The Standards go on to say: “Organizational independence is effectively achieved when the chief audit executive reports functionally to the board.” Examples of functional reporting to the board involve the board:
- Approving the internal audit charter.
- Approving the risk-based internal audit plan.
- Approving the internal audit budget and resource plan.
- Receiving communications from the chief audit executive on the internal audit activity’s performance relative to its plan and other matters.
- Approving decisions regarding the appointment and removal of the chief audit executive.
- Approving the remuneration of the chief audit executive.
- Making appropriate inquiries of management and the chief audit executive to determine whether there are inappropriate scope or resource limitations.
The IIA Standards also raise the idea of interference: “The internal audit activity must be free from interference in determining the scope of internal auditing, performing work, and communicating results.

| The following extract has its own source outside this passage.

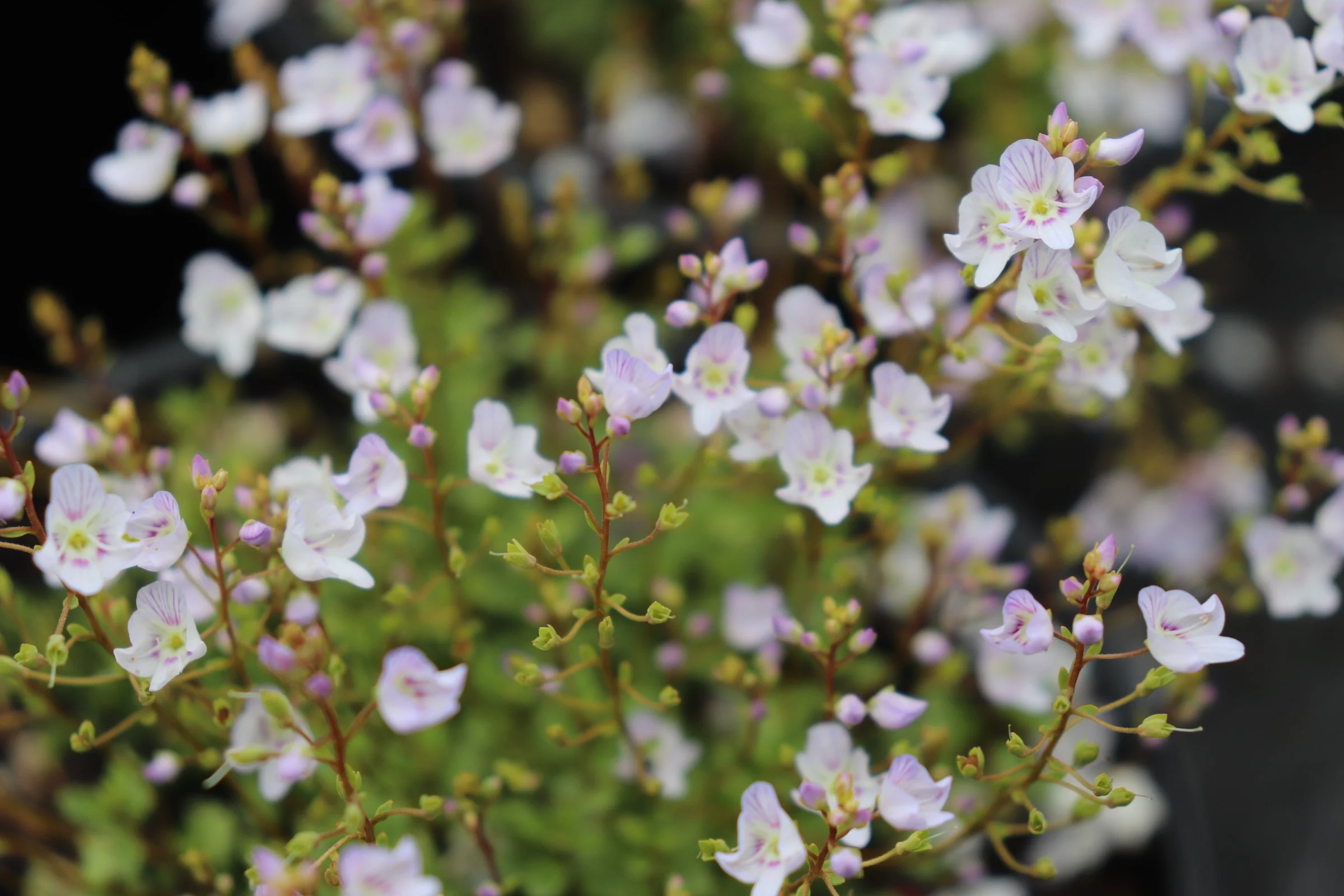 A small evergreen shrub to 20cm. White flowers with red markings cover the plant from June to September. The flowers contrast well with the serrated glossy leaves. A great plant for the front of a border, in a rockery or a pot.
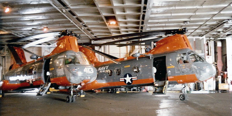 DevelopmentOriginsPiasecki Helicopter was a pioneering developer of tandem-rotor helicopters, with the most famous previous helicopter being the H-21 "Flying Banana". Piasecki Helicopter became Vertol in 1955 and work began on a new tandem rotor helicopter designated the Vertol Model 107 or V-107 in 1956. The V-107 prototype had two Lycoming T53 turboshaft engines, producing 877 shp (640 kW) each. The first flight of the V-107 took place on 22 April 1958. The V-107 was then put through a flight demonstration tour in the United States and overseas. In June 1958, the U.S. Army awarded a contract to Vertol for ten production aircraft designated "YHC-1A". The order was later decreased to three, so the U.S. Army could divert funds to the V-114, also a turbine powered tandem, but larger than the V-107. The Army's three YHC-1As were powered by GE-T-58 engines. The YHC-1As first flew in August 1959, and were followed by an improved commercial/export model, the 107-II. During 1960, the U.S. Marine Corps evolved a requirement for a twin-turbine troop/cargo assault helicopter to replace the piston engine types then in use. Following a design competition, Boeing Vertol was selected to build its model 107M as the HRB-1, early in 1961. Boeing had acquired Vertol in 1960 and renamed the group Boeing Vertol. In 1962 the U.S. Air Force ordered 12 XCH-46B Sea Knights with the XH-49A designation. but later cancelled the order due to a delay in the delivery schedule. They opted for the Sikorsky S-61R instead. The Sea Knight was first procured in 1961 by the U.S. Marine Corps to meet their medium-lift requirements.[7] Its first flight in August 1962 was followed by a change in designation to CH-46A. Fleet introduction of CH-46As with the Marines and the Navy's UH-46As was in November 1964. The UH-46A variant was modified for use in the vertical replenishment role. The CH-46A was equipped with a pair of T58-GE8-8B turboshaft engines rated at 1,250 shp (930 kW) each and could carry 17 passengers or 4,000 pounds (1,815 kg) of cargo. Further developmentsProduction of the improved CH-46D followed with deliveries beginning in 1966. Its improvements included modified rotor blades and more powerful T58-GE-10 turboshaft engines rated at 1,400 shp (1,040 kW) each. The increased power allowed the D-model to carry 25 troop or 7,000 pounds (3,180 kg) of cargo. The CH-46D was introduced to the Vietnam theater in late 1967, supplementing the U.S. Marine Corps' existing unreliable and problematic CH-46A fleet. Along with the USMC's CH-46Ds, the U.S. Navy received a small number of UH-46Ds for ship resupply. Also, approximately 33 CH-46As were upgraded to CH-46Ds. The Marines also received CH-46Fs from 1968 to 1971. The F-model retained the D-model's T58-GE-10 engines but revised the avionics and included other modifications. The CH-46F was the final production model. The Sea Knight has undergone upgrades and modifications. Most of the U.S. Marine Corps' Sea Knights were upgraded to CH-46E standard. The CH-46E features fiberglass rotor blades, airframe reinforcement, and further uprated T58-GE-16 engines producing 1,870 shp (1,390 kW) each. Some CH-46Es have been given doubled fuel capacity. The Dynamic Component Upgrade (DCU) incorporated starting in the mid-1990s provides for increased capabilities through strengthened drive systems and rotor controls. The commercial variant, the BV 107-II, was first ordered by New York Airways in 1960. They took delivery of their first three aircraft, configured for 25 passengers, in July 1962. In 1965, Boeing Vertol sold the manufacturing rights of the 107 to Kawasaki Heavy Industries. Under this arrangement, all Model 107 civilian and military aircraft built in Japan are known as KV 107. On 15 December 2006, Columbia Helicopters, Inc acquired the type certificate for the Boeing Vertol 107-II, and is in the process of acquiring a Production Certificate from the FAA. Plans for actual production of the aircraft have not been announced. DesignThe CH-46 has tandem contrarotating rotors powered by two GE T58 turboshaft engines. The engines are mounted on each side of the rear rotor pedestal with a driveshaft to the forward rotor. The engines are coupled so either could power both rotors in an emergency. The rotors feature three blades and can be folded for on-ship operations. The CH-46 has fixed tricycle landing gear, with twin wheels on all three units. The gear configuration causes a nose-up stance to facilitate cargo loading and unloading. The main gear are fitted in rear sponsons that also contain fuel tanks with a total capacity of 350 US gallons (1,438 L). The CH-46 has a cargo bay with a rear loading ramp that could be removed or left open in flight for extended cargo or for parachute drops. An internal winch is mounted in the forward cabin and can be used to pull external cargo on pallets into the aircraft via the ramp and rollers. A belly sling hook (cargo hook) which is usually rated at 10,000 lb (4,500 kg). could be attached for carrying external cargo. Although the hook is rated at 10,000 lb (4,500 kg)., the limited power produced by the engines preclude the lifting of such weight. It usually has a crew of three, but can accommodate a larger crew depending on mission specifics. For example, a Search and Rescue variant will usually carry a crew of five (Pilot, Co-Pilot, Crew Chief, Swimmer, and Medic) to facilitate all aspects of such a mission. A pintle-mounted 0.50 in (12.7 mm) Browning machine gun is mounted on each side of the helicopter for self-defense. Service in southeast Asia resulted in the addition of armor with the guns. Operational historyUnited StatesKnown colloquially as the "Phrog", the Sea Knight has been used in all U.S. Marine combat and peacetime environments since its introduction. As of 2011, it is still regularly flown by the U.S. Marine Corps, its longevity as a reliable airframe has led to such mantras as "phrogs phorever" and "never trust a helicopter unde

The chief audit executive must disclose such interference to the board and discuss the implications.”
The IIA Standards, however, do not discuss what is included in administrative reporting. This is what I believe is included: 1) Reviewing and approving the expenses of the CAE, and 2) Performing other administrative functions that may be required by organizational policy. These vary from organization to organization but may include the approval of purchase orders that exceed the CAE’s authority level, approval of travel, and so on.
It is customary for the CAE to be able to attend the executive’s direct reports. It is also customary, but not always a given, that the executive will be a supporter and champion of internal audit. The CAE’s cost center may or may not roll up to that of the executive.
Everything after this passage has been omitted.